Using PDFs with Algolia and Adobe PDF Extract API

July 12, 2023 development algolia eleventy

(This post is more than 2 years old.)

Using PDFs with Algolia and Adobe PDF Extract API

Over two years ago, I wrote an example of how to add PDF search to your Jamstack site, "Using PDFS with the Jamstack - Adding Search with Text Extraction". In that post, I used the Adobe PDF Extract API to get the text from a set of PDF files. This was done in an Eleventy data file. This text was then used to drive a client-side search built with the open-source Lunr project. I like Lunr a lot, but I feel like Algolia has much better search support, especially for larger datasets. I took a look at what it would entail to build a similar demo with Algolia integration instead. Here's what I found (and I'll share a link to the complete source at the end).

Setup

I began with an empty Eleventy project that included a folder named pdfs. In that folder, I dropped 3 PDFs. I knew I'd want those PDFs viewable via the production site, so I ensured they were copied to the output directory. Here's my initial .eleventy.js configuration:

module.exports = function(eleventyConfig) {

	eleventyConfig.addPassthroughCopy('src/pdfs');

	return {
		dir: {
			input: "src",
			data: "_data"
		}
	}

};

Processing PDFs

I needed my site to have knowledge of the available PDFs as well as the text inside them. To build that, I used a data file named pdfs.js that was responsible for:

Enumerating the PDFs in the source directory
Checking for a cached text file in a cache directory
If not there, use the PDF Extract API to get the contents of the PDF and parse out the text, then cache it.
Return to Eleventy a list of PDFs and text contents.

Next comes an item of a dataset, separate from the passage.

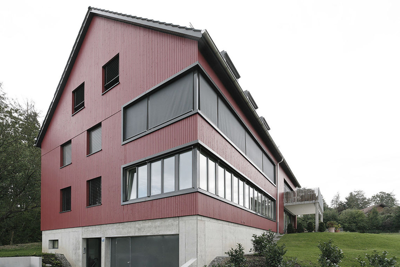 Ein ruhiger Baukörper mit Satteldach und Holzverkleidung steht unauffällig am Dorfrand von Sennhof. Form, Details und Material erinnern an traditionelle Bauten der bäuerlich geprägten Umgebung. Nur die markante Farbe lässt ihn aus der grünen Umgebung herausstechen. Aber auch sie stammt aus dem traditionellen Kanon der ländlichen Architektur.

I'll share the complete file in a sec, but here's how each of those parts breakdown. First, get my PDFs via globby:

let pdf_dir = './src/pdfs/';

let files = await globby(`${pdf_dir}**/*.pdf`);

For each file, we loop and figure out the name of the corresponding text file:

for(let i=0; i<files.length; i++) {
	let pdf = files[i];
	let name = pdf.split('/').pop().replace('.pdf','.txt');

We check the cache, and if it doesn't exist, call out to get it, otherwise, we read in the cached text:

if(!fs.existsSync(cache_dir + name)) {
	console.log('need to generate', name);
	pdfText = await getPDFText(pdf);
	fs.writeFileSync(cache_dir + name, pdfText, 'utf8');
} else pdfText = fs.readFileSync(cache_dir + name, 'utf8');

My getPDFText function wraps the call to the Extract API. While the Extract API returns a lot of data from a PDF, I only need the text. Here's the function:

async function getPDFText(path) {

	// Used to store the result on the file system
	const output = `./output${nanoid()}.zip`;

	const executionContext = PDFServicesSdk.ExecutionContext.create(credentials);
	const extractPDFOperation = PDFServicesSdk.ExtractPDF.Operation.createNew(),
    	input = PDFServicesSdk.FileRef.createFromLocalFile(
        	path, 
        	PDFServicesSdk.ExtractPDF.SupportedSourceFormat.pdf
    	);

	const options = new PDFServicesSdk.ExtractPDF.options.ExtractPdfOptions.Builder()
	.addElementsToExtract(PDFServicesSdk.ExtractPDF.options.ExtractElementType.TEXT).build()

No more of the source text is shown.